Excerpted records>
□ □ □

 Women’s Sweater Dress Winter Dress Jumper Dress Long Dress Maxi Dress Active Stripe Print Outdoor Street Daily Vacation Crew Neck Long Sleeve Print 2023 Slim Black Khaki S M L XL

□ □ □

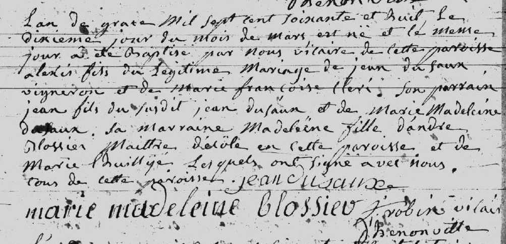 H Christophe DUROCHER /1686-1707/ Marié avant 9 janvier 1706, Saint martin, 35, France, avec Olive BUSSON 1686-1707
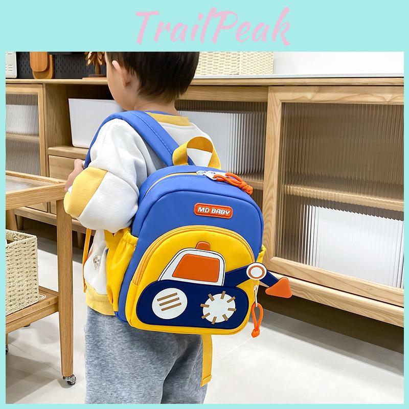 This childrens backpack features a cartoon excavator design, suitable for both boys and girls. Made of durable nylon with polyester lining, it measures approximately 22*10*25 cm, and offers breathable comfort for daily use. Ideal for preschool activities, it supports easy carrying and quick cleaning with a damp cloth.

□ □ □

Exercise directions>
Only one stretch of the listing above is to be duplicated: the lines from the one containing "H Christophe DUROCHER" through the one containing "This childrens backpack", both included. Copy them exactly, minus the pictures.

Final answer>
 H Christophe DUROCHER /1686-1707/ Marié avant 9 janvier 1706, Saint martin, 35, France, avec Olive BUSSON 1686-1707
 This childrens backpack features a cartoon excavator design, suitable for both boys and girls. Made of durable nylon with polyester lining, it measures approximately 22*10*25 cm, and offers breathable comfort for daily use. Ideal for preschool activities, it supports easy carrying and quick cleaning with a damp cloth.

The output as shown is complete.